Imports, which subtract from GDP growth, increased at their fastest rate in more than seven years. Rising imports underscore the challenges that the Trump administration faces in its quest to boost annual GDP growth to 3.0 percent. They indicate that U.S. companies lack the capacity to meet buoyant domestic demand.
"Domestic demand is strong, really strong, and perhaps beginning to push against the capacity constraints of the economy," said Paul Mortimer-Lee, chief market economist at BNP Paribas in New York. "And this precedes effects from tax cuts."
A measure of domestic demand expanded at its quickest since the third quarter of 2014, highlighting the economy's strength. Strong domestic demand is part of a synchronized global rebound that includes the euro zone and Asia.
Economists polled by Reuters had forecast the economy growing at a 3.0 percent pace in the final three months of 2017.
They expect annual GDP growth will hit the government's 3.0 percent target this year, spurred in part by the tax cuts, a weak U.S. dollar, rising oil prices and a strengthening global economy.
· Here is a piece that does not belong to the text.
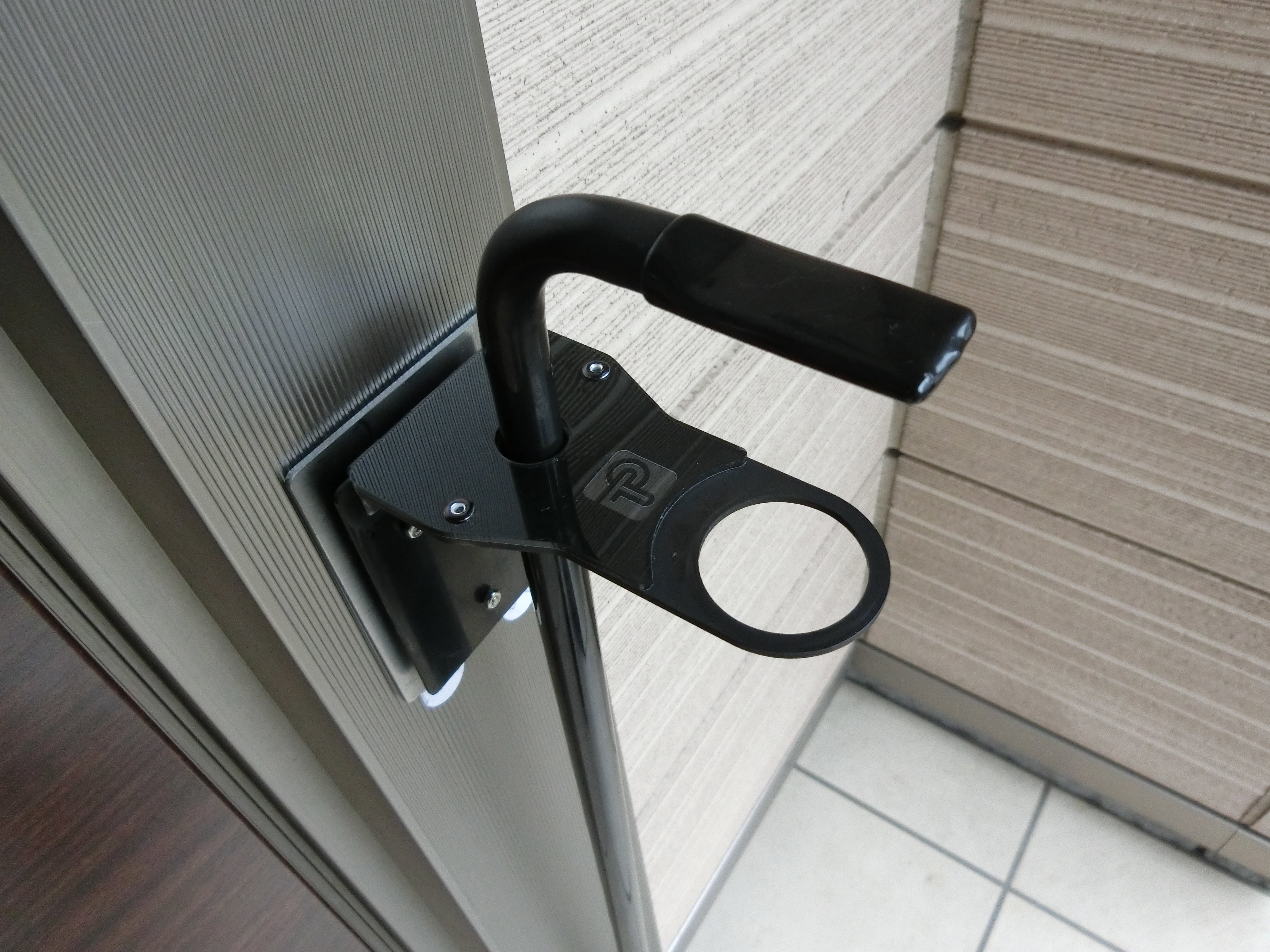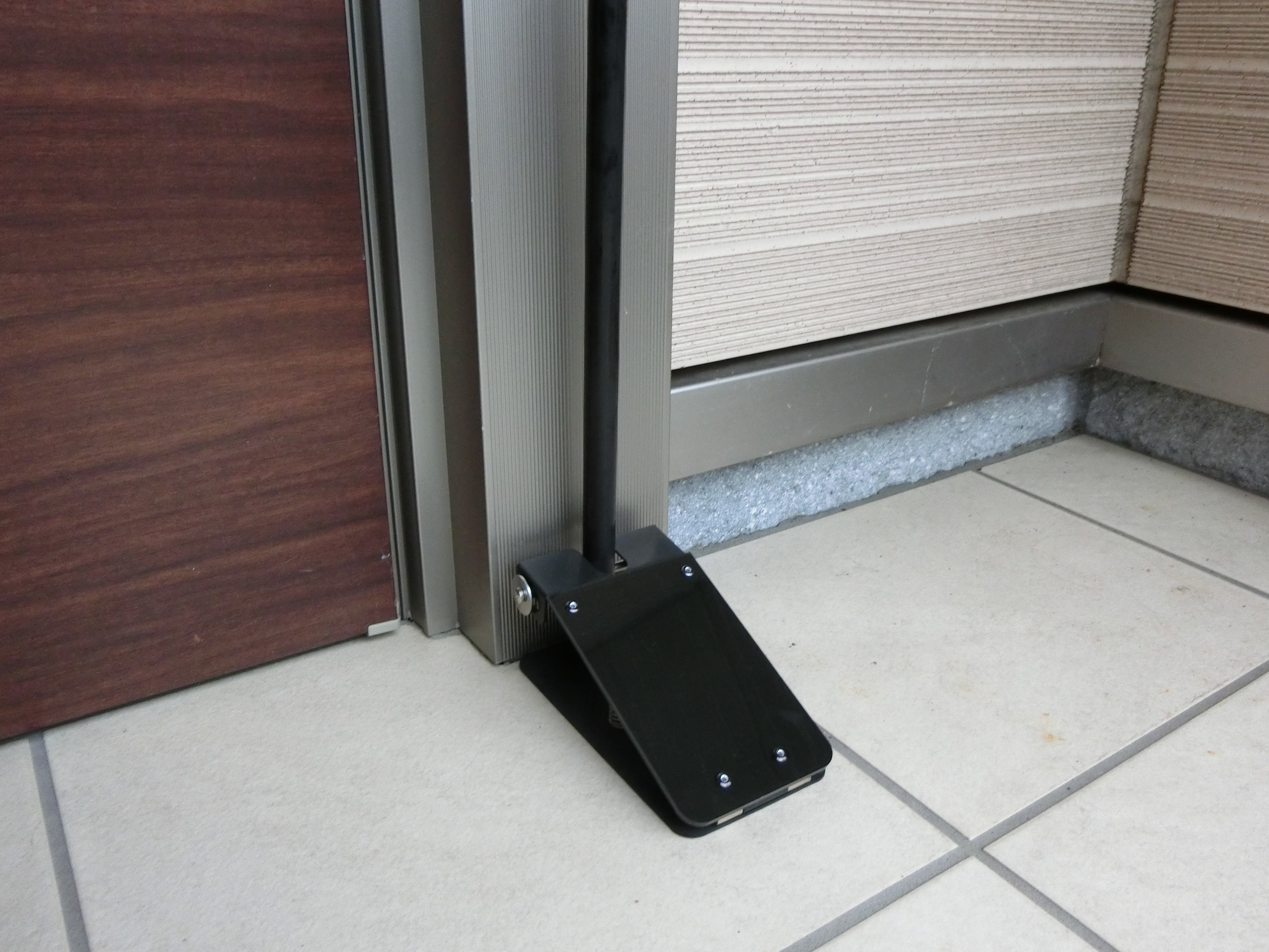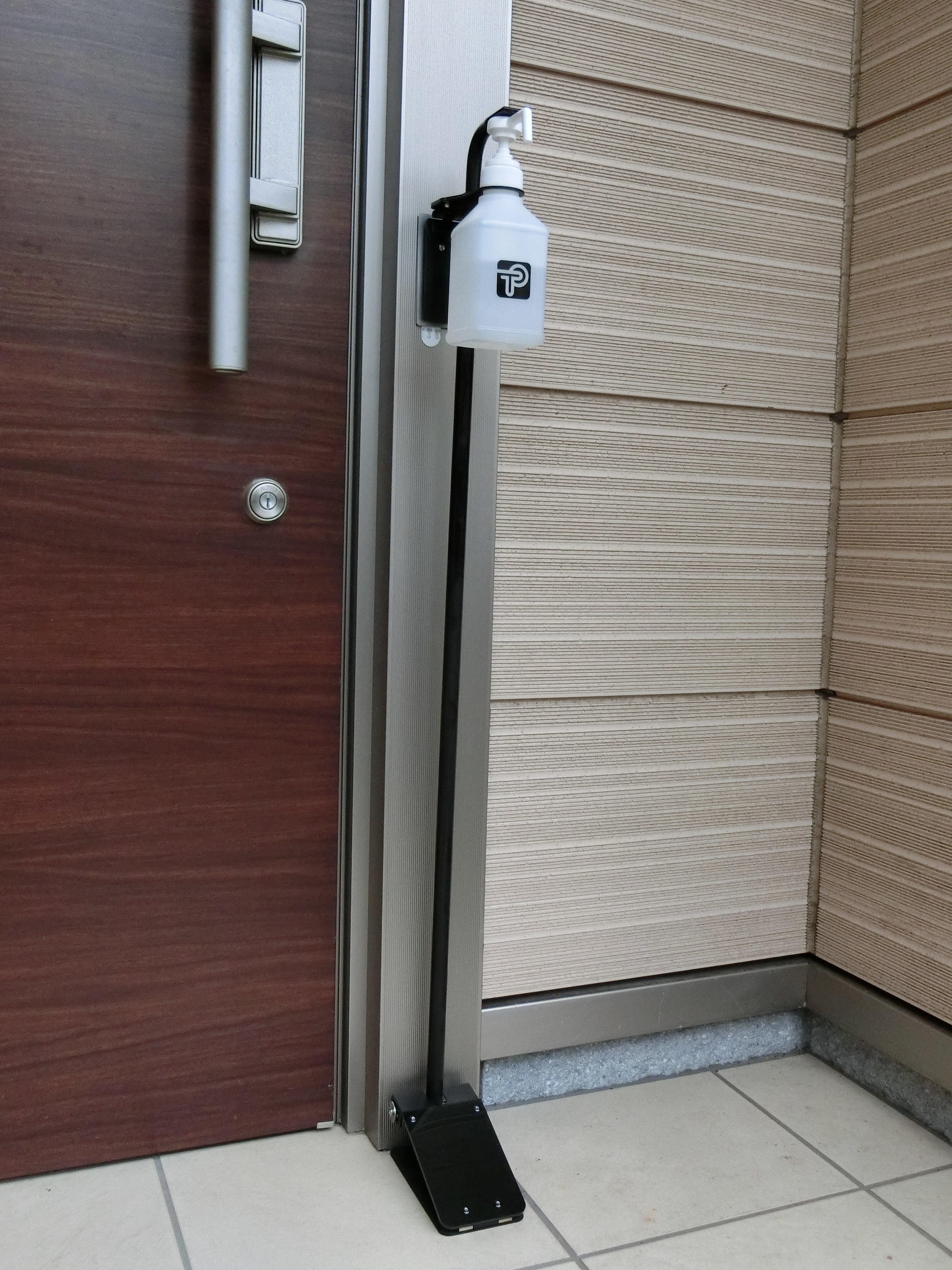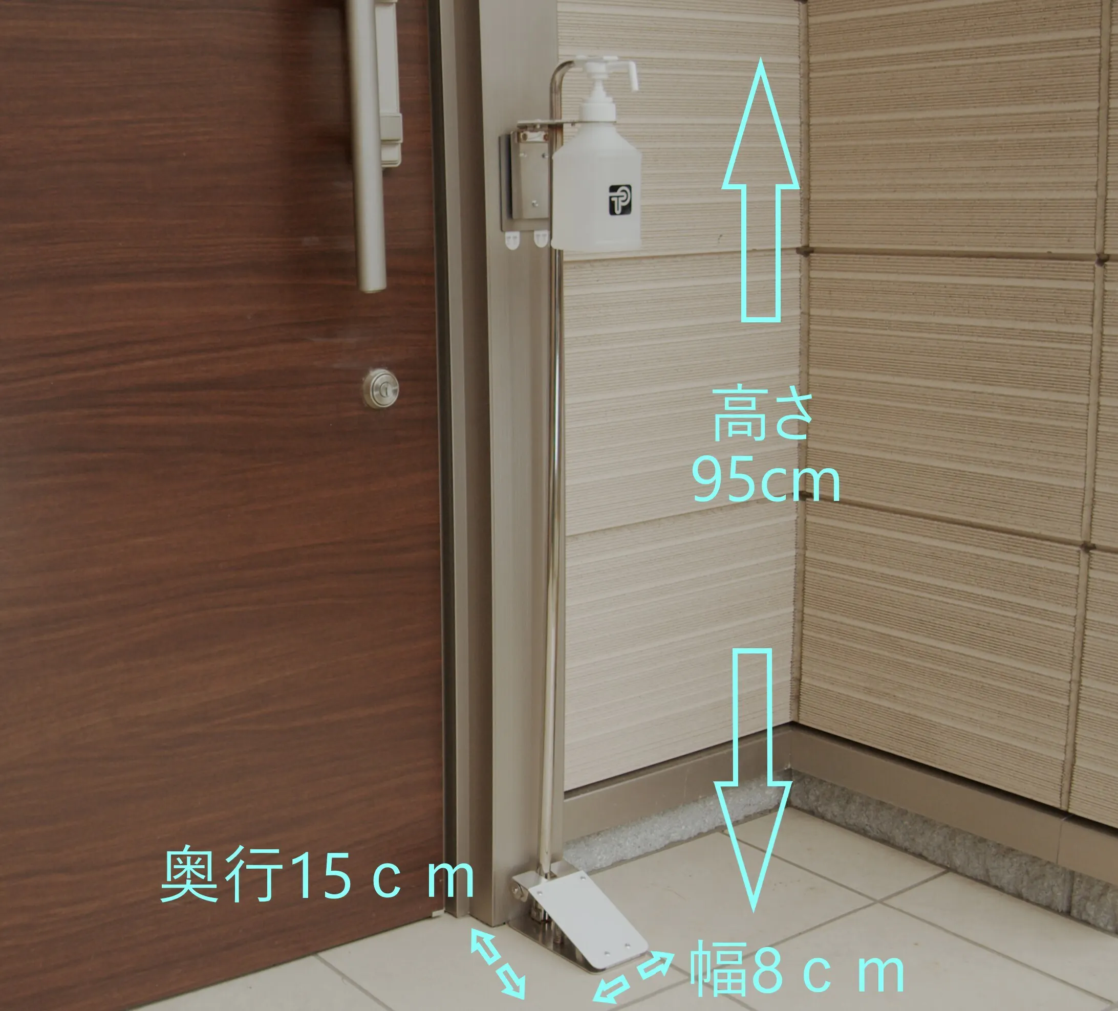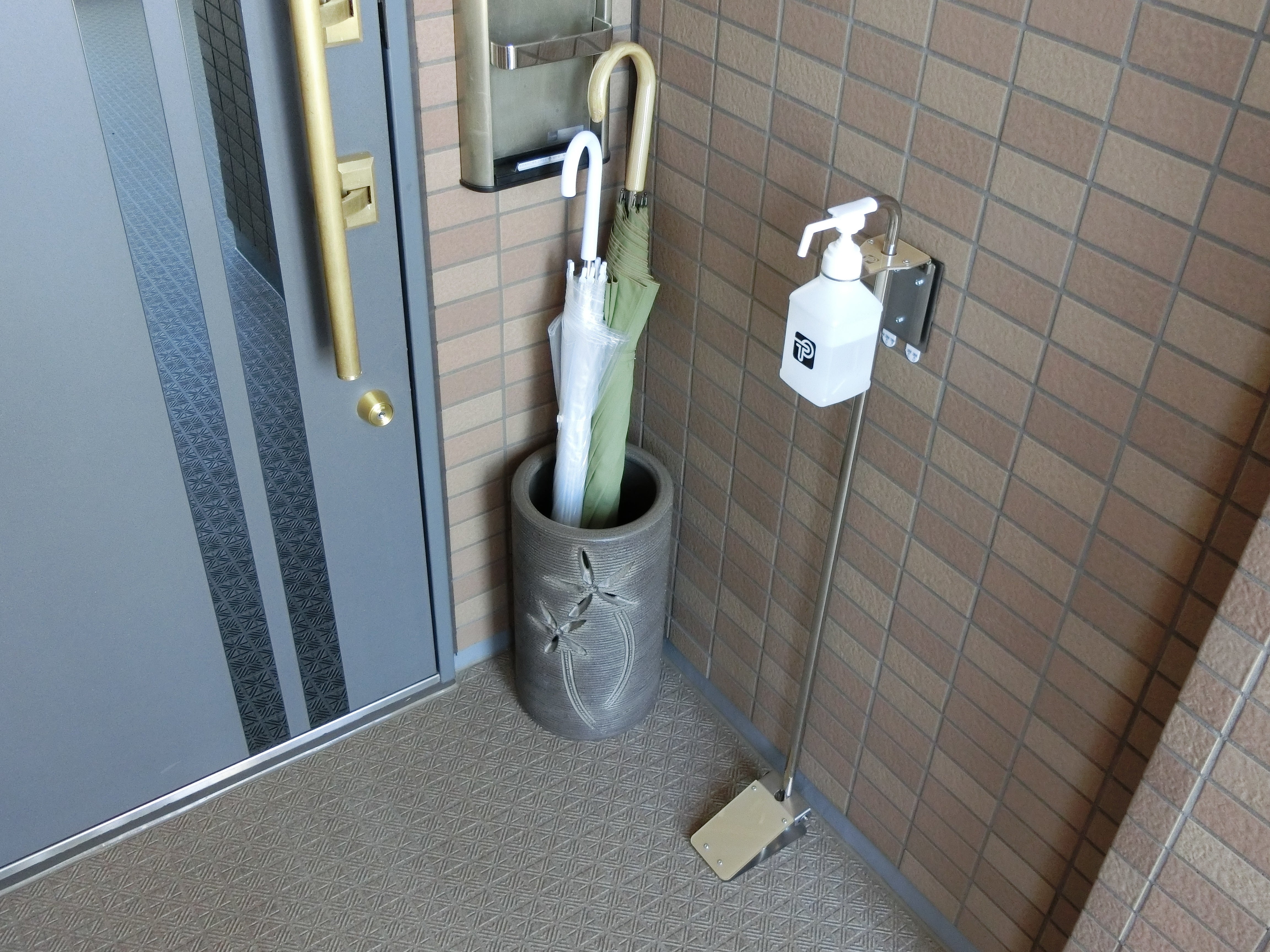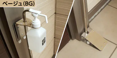 今までスペースの問題で設置が難しかったご家庭の玄関や小規模店舗様の入り口へ簡単に取り付けが出来るようになっています。<設置例① マンション玄関 カラー:ベージュ(BG)>
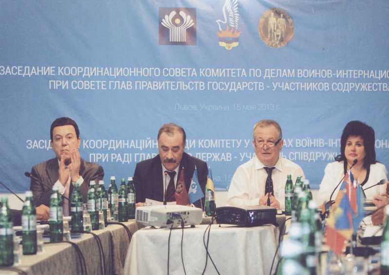 15 мая после возложения цветов к памятнику Т. Г.Шевченко и к Мемориалу погибшим в Афганистане состоялось заседание Координационного Совета Комитета по делам воинов-интернационалистов при Совете глав правительств государств – участников Содружества в соответствии с повесткой дня – (см.№ 7-8 газеты «ТТ») и регламентом. В соответствии с положением председательствовал на заседании Координацинного Совета председатель УСВА, Герой Украины С. В. Червонопиский. В ходе работы было принято Решение и Обращение к главам государств и главам правительств СНГ.

Growth, economists believe, will slow in 2019, with a recession likely in 2020, given low savings.
"Once the temporary boost from the tax cuts has faded, households' disposable income gains won't be strong enough to sustain similarly large increases in consumer spending that we have seen over the past several years," said Harm Bandholz, chief U.S. economist at UniCredit Research in New York.
"And with the savings rate close to a record-low, the ammunition from that side has gotten limited as well."
The dollar fell against a basket of currencies and prices for U.S. Treasuries were trading lower after the GDP report. Stocks on Wall Street rose, with the Dow Jones Industrial Average hitting a record high.
HOT CONSUMER SPENDING
Consumer spending, which accounts for more than two-thirds of U.S. economic activity, increased at a 3.8 percent rate in the fourth quarter. That was the quickest pace since the fourth quarter of 2014. It followed a 2.2 percent rate of growth in the July-September quarter.
The surge, however, came at the expense of savings, which fell to $384.4 billion from $478.3 billion in the third quarter. The saving rate dropped to 2.6 percent from 3.3 percent in the prior period.
Companies failed to produce enough to meet demand last quarter, boosting imports, which grew at a 13.9 percent pace. That was fastest pace since the third quarter of 2010 and offset a rise in exports, which is being driven by dollar weakness.
International trade sliced off 1.13 percentage points from GDP growth last quarter, the most in a year, after adding 0.36 percentage point in the third quarter.
"The capacity to meet sharply rising demand is just not there," said Joel Naroff, chief economist at Naroff Economic Advisors in Holland Pennsylvania.
"Yes, industrial production should strengthen, but we will also have to get a lot of the rising demand from the rest of the world. So, expect imports to grow rapidly and the trade deficit to widen."
Robust consumer spending also limited the accumulation of inventories, which subtracted 0.67 percentage point from GDP growth after adding 0.79 percentage point in the prior period.
The acceleration in consumer spending raised inflation. The Federal Reserve's preferred inflation gauge, the personal consumption expenditures (PCE) price index excluding food and energy, rose at a 1.9 percent rate. That was the quickest pace in more than a year and followed a 1.3 percent pace of increase in the third quarter.
Signs of rising inflation together with a tightening labor market could put the Fed on a more aggressive path of interest rate increases than is currently being anticipated, economists say. The unemployment rate dropped seven-tenths of percentage point last year to a 17-year low of 4.1 percent.
The U.S. central bank has forecast three interest rate hikes this year, the same number as in 2017.
Business investment in equipment grew at its quickest pace since the third quarter of 2014. While spending on equipment is likely to be underpinned in 2018 by the corporate income tax cuts and rising crude oil prices, there are signs that the momentum is slowing.
A second report from the Commerce Department on Friday showed orders for non-defense capital goods excluding aircraft, a closely watched proxy for business spending plans, fell in December for the first time in six months.
Investment in homebuilding rebounded after contracting for two straight quarters. Government spending notched its fastest pace since the second quarter of 2015.